Thursday, January 29, 2009

McLuhan Redux/Remix

So, I recently heard from Jamie O'Neil, an assistant professor of digital media arts at Canisius College in Buffalo, New York. Canisius is a Jesuit school, like my own Fordham University--in traditional parlance, we are sister schools. And Jamie is a media ecologist who was prompted to contact me by my friend, sister media ecologist, and fellow Media Ecology Association board member Ellen Rose from the University of New Brunswick. That's in Canada, you know...

So, Jamie is also a performance artist, and he has an alias, Kurt Weibers, or I guess you could call it a stage name, pseudonym, or what have you. Here's the deal, in his own words:

Jamie O'Neil is a video/performance artist, writer and teacher. In 2002, he created the virtual identity of Kurt Weibers for usage online, in videos and live performance seminars. Kurt Weibers is the spokesman for Global Point Strategies, which developed Navel Software for organizational change, as well as numerous motivational presentations on topics ranging from creativity, listening, time management and synchronicity, to quantitative research methods for understanding culture. Kurt Weibers works as a reporter, business consultant in Norway and a DJ / VJ (on the side) the latter role being the reason for his involvement in the McLuhan Remix project.
This write-up is taken from his McLuhan Remix website, which is worth a look.

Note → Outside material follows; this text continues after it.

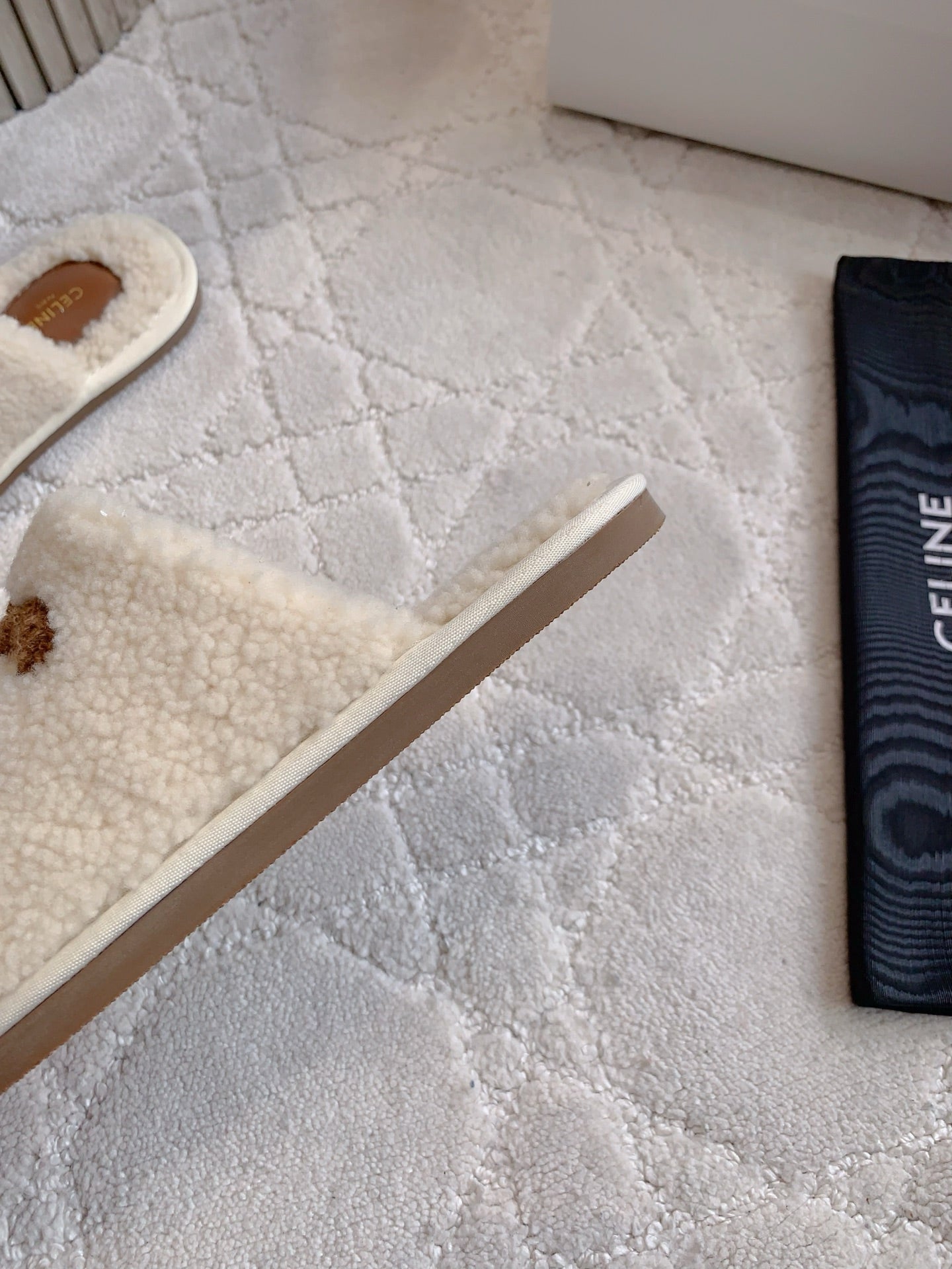 CELINE 26S MULES WITH LOGO IN LIGHT BEIGE AND BROWN WOOL

It includes some explanation of the remix or mash-up phenomenon, and its relationship to Marshall McLuhan, as well as a short video essay entitled, naturally enough, McLuhan Remix, which is made up of three YouTube videos. You can play them continuously on his McLuhan Remix page, but I will also embed them here for your convenience, dear reader:

McLuhan Remix: Prologue 1/3

McLuhan Remix: The Medium is the Mix 2/3

McLuhan Remix: Epilogue 3/3

There's other interesting material on kurtweibers's Channel on YouTube, which you can explore if you care to.

The bottom line, for me, is not so much that McLuhan was prescient, but simply that he was identifying the characteristics of electricity, electrical technology, and the electronic media environment, much as Lewis Mumford had done before him. Most of what is being hailed as new and unprecedented about contemporary digital technology is, in fact, characteristic of electric technology in general, and was recognized by media ecologists like Mumford and McLuhan over the course of the 20th century. That is why McLuhan is more relevant than ever today, as we continue to electrify just about everything we can. You might say that what we are doing is in one sense expanding the electronic media environment, but in another filling it in or filling it out, or to put it another way, coloring in between the power lines. Remixed drinks, anyone?